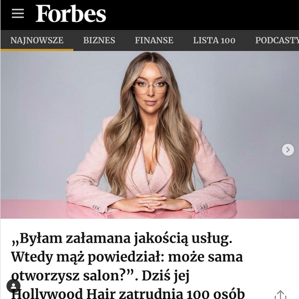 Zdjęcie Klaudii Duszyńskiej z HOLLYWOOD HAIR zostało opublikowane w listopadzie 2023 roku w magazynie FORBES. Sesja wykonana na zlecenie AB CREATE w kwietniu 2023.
* * *
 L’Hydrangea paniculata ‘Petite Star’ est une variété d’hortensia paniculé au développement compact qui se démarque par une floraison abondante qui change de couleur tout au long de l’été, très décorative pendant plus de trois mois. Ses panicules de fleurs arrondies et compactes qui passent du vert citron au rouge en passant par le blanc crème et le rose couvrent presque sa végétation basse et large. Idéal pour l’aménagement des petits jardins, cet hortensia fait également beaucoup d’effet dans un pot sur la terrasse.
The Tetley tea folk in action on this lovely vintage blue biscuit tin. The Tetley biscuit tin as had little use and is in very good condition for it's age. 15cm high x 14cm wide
...
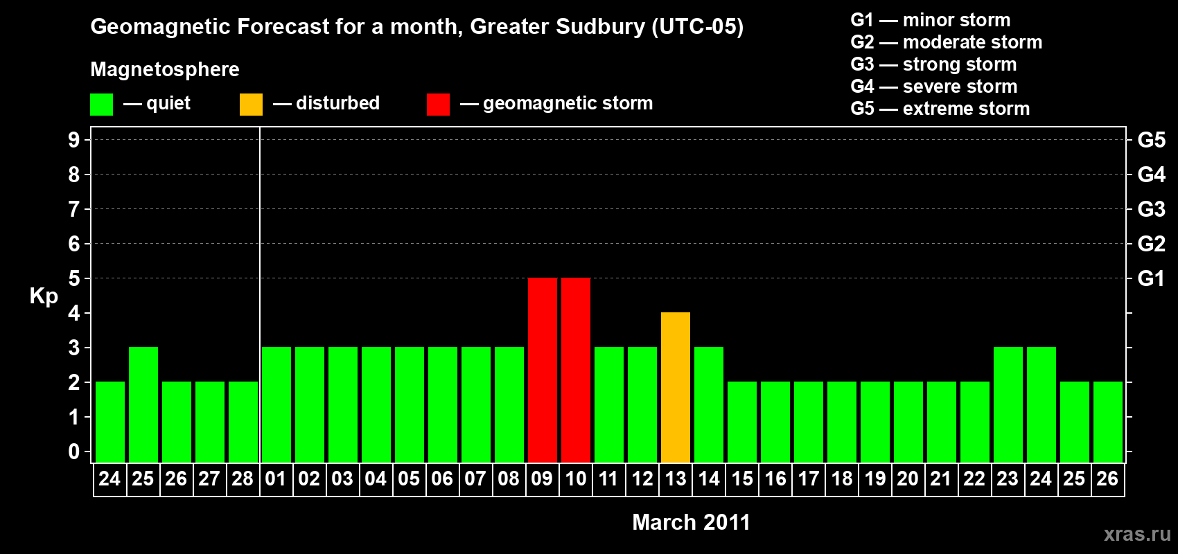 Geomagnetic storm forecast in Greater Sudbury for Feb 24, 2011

Problem requirements: Reprint exactly the lines above that start at the one with "L’Hydrangea paniculata ‘Petite" and end at the one with "The Tetley tea", keeping both and adding none.

Result for this exercise:
 L’Hydrangea paniculata ‘Petite Star’ est une variété d’hortensia paniculé au développement compact qui se démarque par une floraison abondante qui change de couleur tout au long de l’été, très décorative pendant plus de trois mois. Ses panicules de fleurs arrondies et compactes qui passent du vert citron au rouge en passant par le blanc crème et le rose couvrent presque sa végétation basse et large. Idéal pour l’aménagement des petits jardins, cet hortensia fait également beaucoup d’effet dans un pot sur la terrasse.
The Tetley tea folk in action on this lovely vintage blue biscuit tin. The Tetley biscuit tin as had little use and is in very good condition for it's age. 15cm high x 14cm wide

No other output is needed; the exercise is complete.